[Records drawn from a dataset]
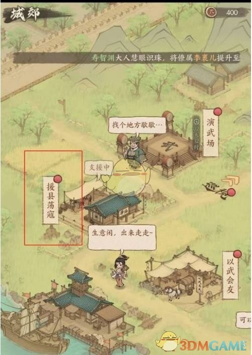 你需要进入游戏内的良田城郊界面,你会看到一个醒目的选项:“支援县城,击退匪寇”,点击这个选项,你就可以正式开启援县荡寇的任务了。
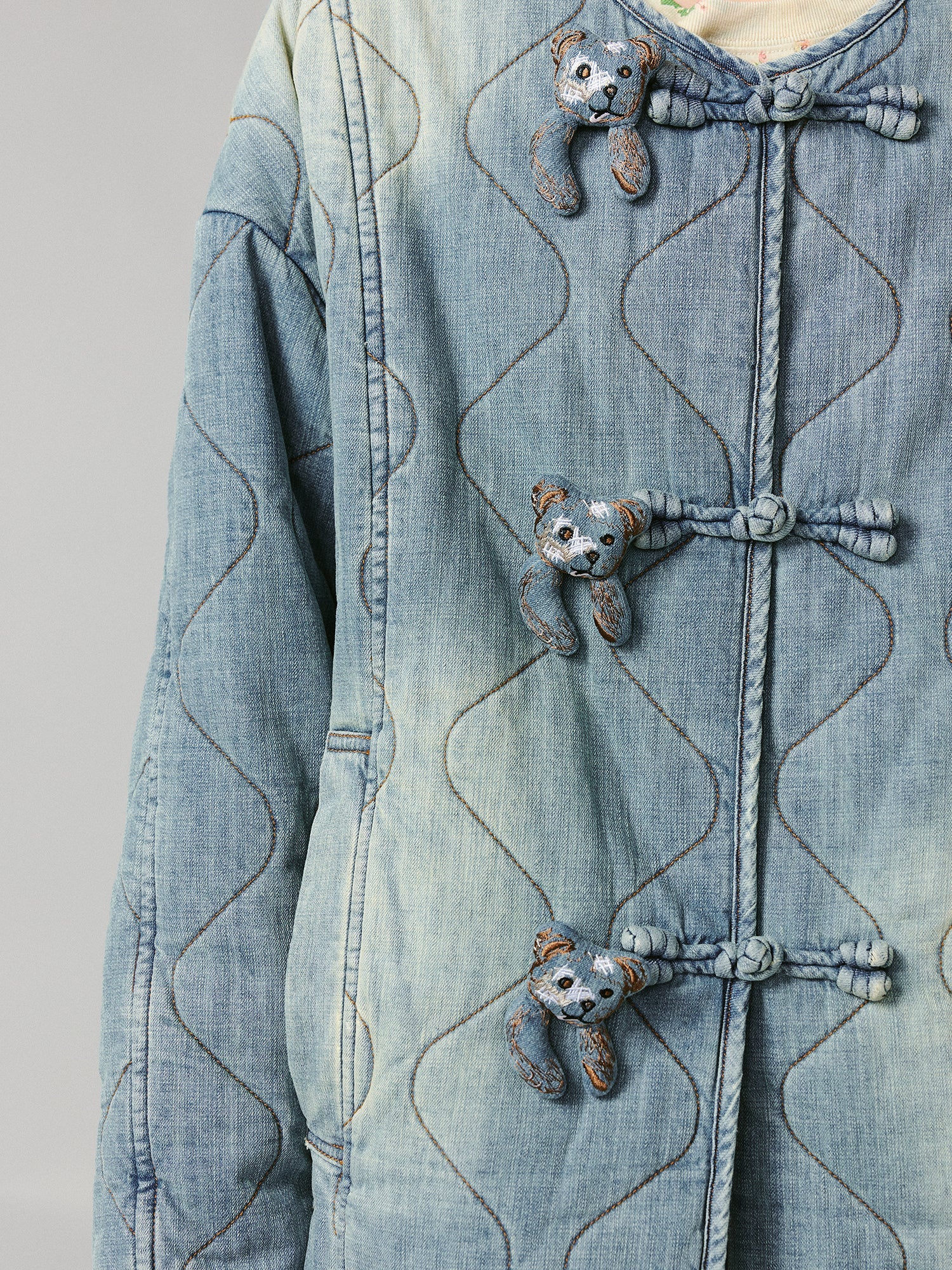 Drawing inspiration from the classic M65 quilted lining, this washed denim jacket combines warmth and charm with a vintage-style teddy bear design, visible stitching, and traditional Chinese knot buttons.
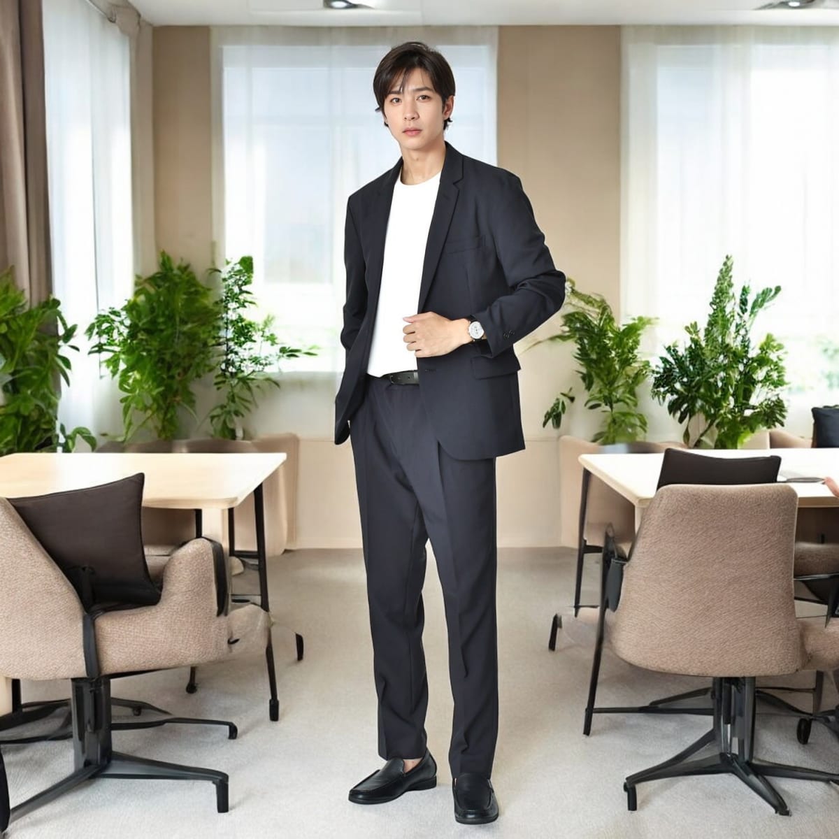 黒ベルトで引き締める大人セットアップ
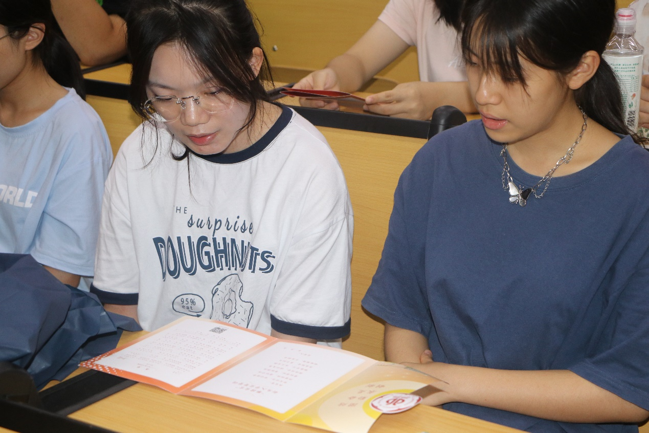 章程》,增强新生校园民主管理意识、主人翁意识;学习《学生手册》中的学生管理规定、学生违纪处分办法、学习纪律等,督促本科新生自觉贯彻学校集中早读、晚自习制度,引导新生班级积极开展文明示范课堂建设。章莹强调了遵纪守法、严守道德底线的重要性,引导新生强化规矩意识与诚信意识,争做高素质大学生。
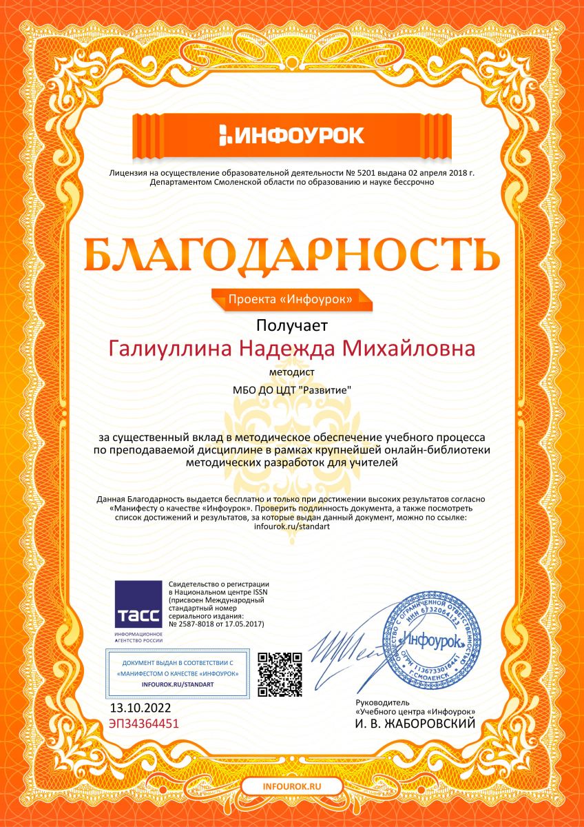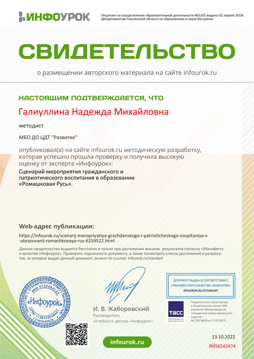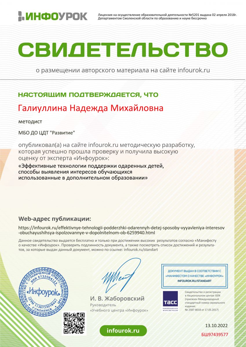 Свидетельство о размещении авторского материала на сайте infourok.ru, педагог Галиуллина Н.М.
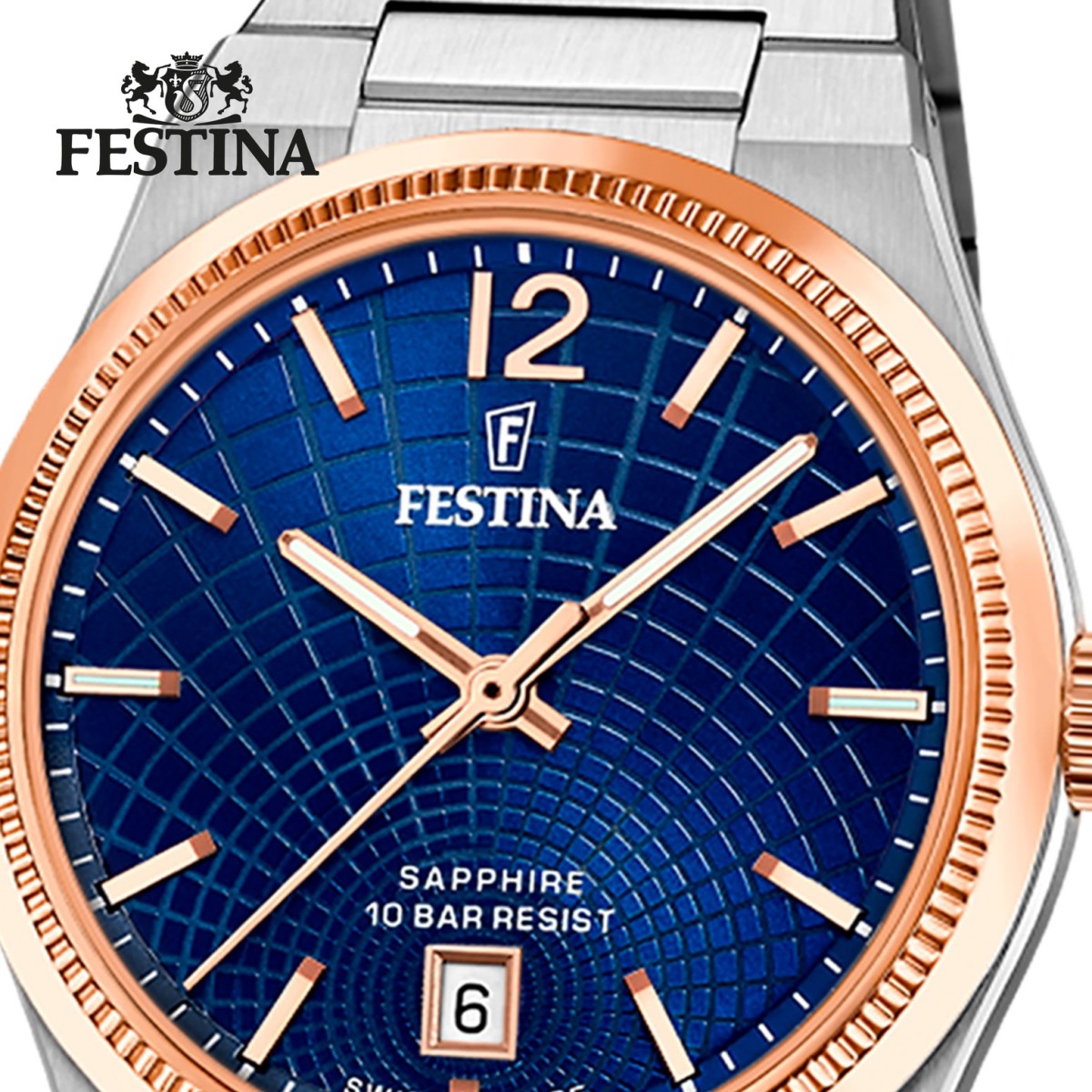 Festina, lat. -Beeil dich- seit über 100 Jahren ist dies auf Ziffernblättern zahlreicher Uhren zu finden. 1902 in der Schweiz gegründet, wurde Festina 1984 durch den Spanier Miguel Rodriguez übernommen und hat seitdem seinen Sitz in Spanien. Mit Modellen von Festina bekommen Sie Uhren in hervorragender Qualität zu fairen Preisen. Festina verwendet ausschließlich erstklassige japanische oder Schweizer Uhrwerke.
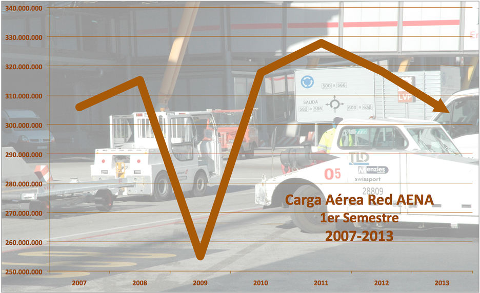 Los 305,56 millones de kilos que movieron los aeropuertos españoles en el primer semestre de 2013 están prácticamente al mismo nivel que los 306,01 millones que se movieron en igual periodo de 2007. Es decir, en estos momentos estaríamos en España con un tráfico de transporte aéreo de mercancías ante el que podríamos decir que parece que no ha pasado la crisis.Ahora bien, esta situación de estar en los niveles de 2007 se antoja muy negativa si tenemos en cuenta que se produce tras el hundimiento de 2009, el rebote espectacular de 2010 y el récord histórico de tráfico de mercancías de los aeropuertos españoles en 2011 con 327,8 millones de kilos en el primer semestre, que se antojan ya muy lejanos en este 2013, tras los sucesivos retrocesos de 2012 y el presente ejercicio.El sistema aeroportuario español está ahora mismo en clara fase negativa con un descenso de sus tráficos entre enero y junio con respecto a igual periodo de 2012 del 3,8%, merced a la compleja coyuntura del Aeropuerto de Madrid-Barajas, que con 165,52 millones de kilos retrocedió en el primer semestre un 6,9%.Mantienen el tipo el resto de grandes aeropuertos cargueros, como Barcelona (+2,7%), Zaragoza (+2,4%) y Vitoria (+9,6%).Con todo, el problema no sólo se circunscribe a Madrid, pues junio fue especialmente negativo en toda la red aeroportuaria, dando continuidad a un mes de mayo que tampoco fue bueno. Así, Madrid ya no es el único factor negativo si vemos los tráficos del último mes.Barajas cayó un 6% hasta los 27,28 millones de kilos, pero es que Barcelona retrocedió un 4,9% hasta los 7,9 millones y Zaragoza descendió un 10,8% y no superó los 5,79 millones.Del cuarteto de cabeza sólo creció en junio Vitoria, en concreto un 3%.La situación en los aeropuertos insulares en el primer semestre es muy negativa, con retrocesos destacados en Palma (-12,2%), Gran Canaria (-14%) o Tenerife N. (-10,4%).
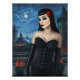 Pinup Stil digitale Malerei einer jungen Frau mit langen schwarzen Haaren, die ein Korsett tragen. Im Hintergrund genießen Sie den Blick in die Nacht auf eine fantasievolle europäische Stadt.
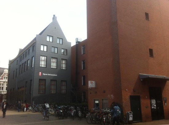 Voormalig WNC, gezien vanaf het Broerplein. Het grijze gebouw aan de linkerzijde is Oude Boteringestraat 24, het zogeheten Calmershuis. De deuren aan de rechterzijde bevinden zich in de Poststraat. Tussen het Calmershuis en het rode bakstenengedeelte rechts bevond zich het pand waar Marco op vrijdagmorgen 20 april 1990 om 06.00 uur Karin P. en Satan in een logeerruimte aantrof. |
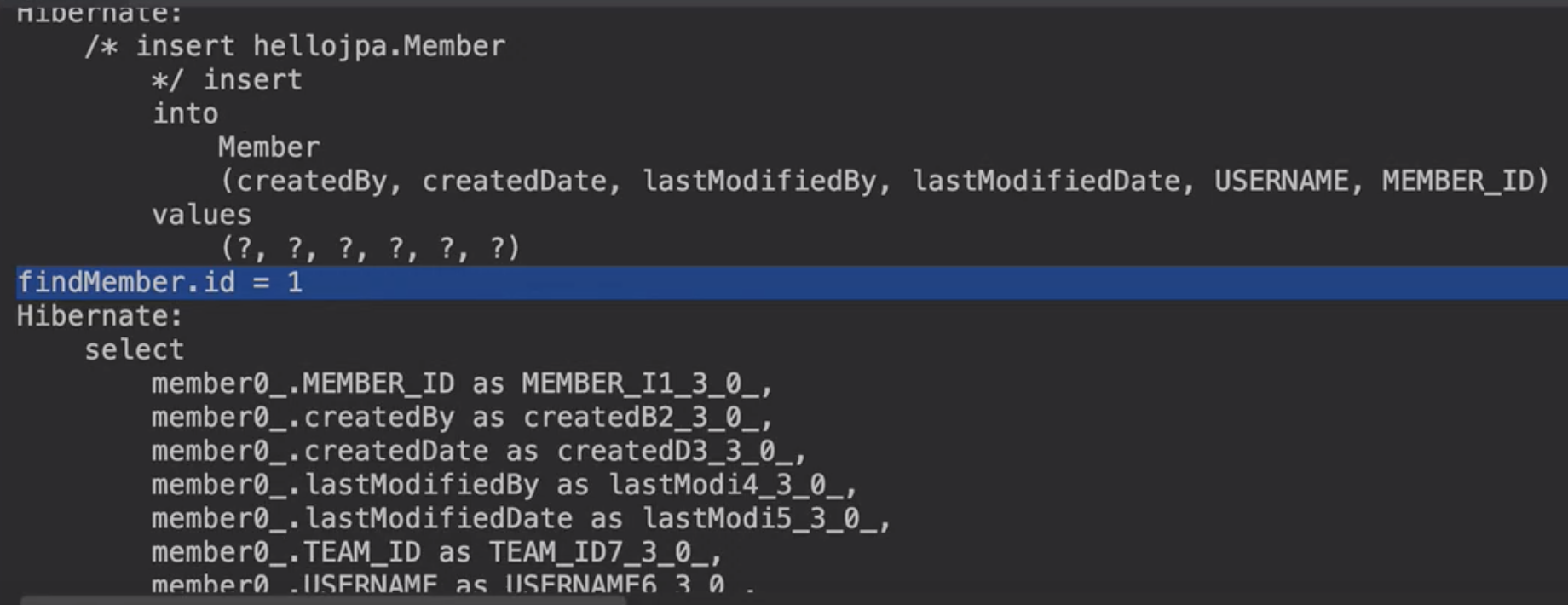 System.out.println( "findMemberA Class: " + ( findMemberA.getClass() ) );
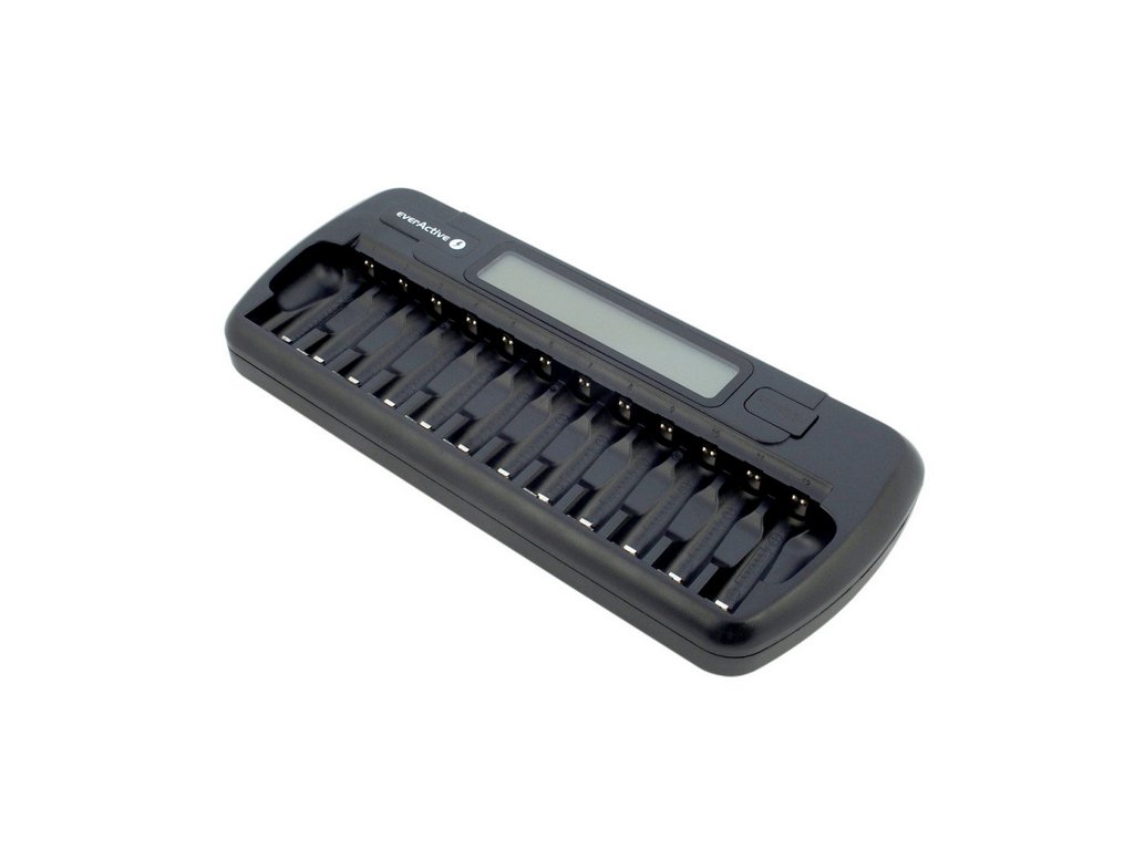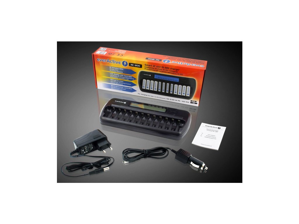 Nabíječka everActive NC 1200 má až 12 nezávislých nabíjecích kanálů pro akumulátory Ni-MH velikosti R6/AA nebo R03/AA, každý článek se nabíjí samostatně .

### What to work on
Drop the images and quote the entries word for word.

### Response box
 你需要进入游戏内的良田城郊界面,你会看到一个醒目的选项:“支援县城,击退匪寇”,点击这个选项,你就可以正式开启援县荡寇的任务了。
 Drawing inspiration from the classic M65 quilted lining, this washed denim jacket combines warmth and charm with a vintage-style teddy bear design, visible stitching, and traditional Chinese knot buttons.
 黒ベルトで引き締める大人セットアップ
 章程》,增强新生校园民主管理意识、主人翁意识;学习《学生手册》中的学生管理规定、学生违纪处分办法、学习纪律等,督促本科新生自觉贯彻学校集中早读、晚自习制度,引导新生班级积极开展文明示范课堂建设。章莹强调了遵纪守法、严守道德底线的重要性,引导新生强化规矩意识与诚信意识,争做高素质大学生。
 Свидетельство о размещении авторского материала на сайте infourok.ru, педагог Галиуллина Н.М.
 Festina, lat. -Beeil dich- seit über 100 Jahren ist dies auf Ziffernblättern zahlreicher Uhren zu finden. 1902 in der Schweiz gegründet, wurde Festina 1984 durch den Spanier Miguel Rodriguez übernommen und hat seitdem seinen Sitz in Spanien. Mit Modellen von Festina bekommen Sie Uhren in hervorragender Qualität zu fairen Preisen. Festina verwendet ausschließlich erstklassige japanische oder Schweizer Uhrwerke.
 Los 305,56 millones de kilos que movieron los aeropuertos españoles en el primer semestre de 2013 están prácticamente al mismo nivel que los 306,01 millones que se movieron en igual periodo de 2007. Es decir, en estos momentos estaríamos en España con un tráfico de transporte aéreo de mercancías ante el que podríamos decir que parece que no ha pasado la crisis.Ahora bien, esta situación de estar en los niveles de 2007 se antoja muy negativa si tenemos en cuenta que se produce tras el hundimiento de 2009, el rebote espectacular de 2010 y el récord histórico de tráfico de mercancías de los aeropuertos españoles en 2011 con 327,8 millones de kilos en el primer semestre, que se antojan ya muy lejanos en este 2013, tras los sucesivos retrocesos de 2012 y el presente ejercicio.El sistema aeroportuario español está ahora mismo en clara fase negativa con un descenso de sus tráficos entre enero y junio con respecto a igual periodo de 2012 del 3,8%, merced a la compleja coyuntura del Aeropuerto de Madrid-Barajas, que con 165,52 millones de kilos retrocedió en el primer semestre un 6,9%.Mantienen el tipo el resto de grandes aeropuertos cargueros, como Barcelona (+2,7%), Zaragoza (+2,4%) y Vitoria (+9,6%).Con todo, el problema no sólo se circunscribe a Madrid, pues junio fue especialmente negativo en toda la red aeroportuaria, dando continuidad a un mes de mayo que tampoco fue bueno. Así, Madrid ya no es el único factor negativo si vemos los tráficos del último mes.Barajas cayó un 6% hasta los 27,28 millones de kilos, pero es que Barcelona retrocedió un 4,9% hasta los 7,9 millones y Zaragoza descendió un 10,8% y no superó los 5,79 millones.Del cuarteto de cabeza sólo creció en junio Vitoria, en concreto un 3%.La situación en los aeropuertos insulares en el primer semestre es muy negativa, con retrocesos destacados en Palma (-12,2%), Gran Canaria (-14%) o Tenerife N. (-10,4%).
 Pinup Stil digitale Malerei einer jungen Frau mit langen schwarzen Haaren, die ein Korsett tragen. Im Hintergrund genießen Sie den Blick in die Nacht auf eine fantasievolle europäische Stadt.
 Voormalig WNC, gezien vanaf het Broerplein. Het grijze gebouw aan de linkerzijde is Oude Boteringestraat 24, het zogeheten Calmershuis. De deuren aan de rechterzijde bevinden zich in de Poststraat. Tussen het Calmershuis en het rode bakstenengedeelte rechts bevond zich het pand waar Marco op vrijdagmorgen 20 april 1990 om 06.00 uur Karin P. en Satan in een logeerruimte aantrof. |
 System.out.println( "findMemberA Class: " + ( findMemberA.getClass() ) );
 Nabíječka everActive NC 1200 má až 12 nezávislých nabíjecích kanálů pro akumulátory Ni-MH velikosti R6/AA nebo R03/AA, každý článek se nabíjí samostatně .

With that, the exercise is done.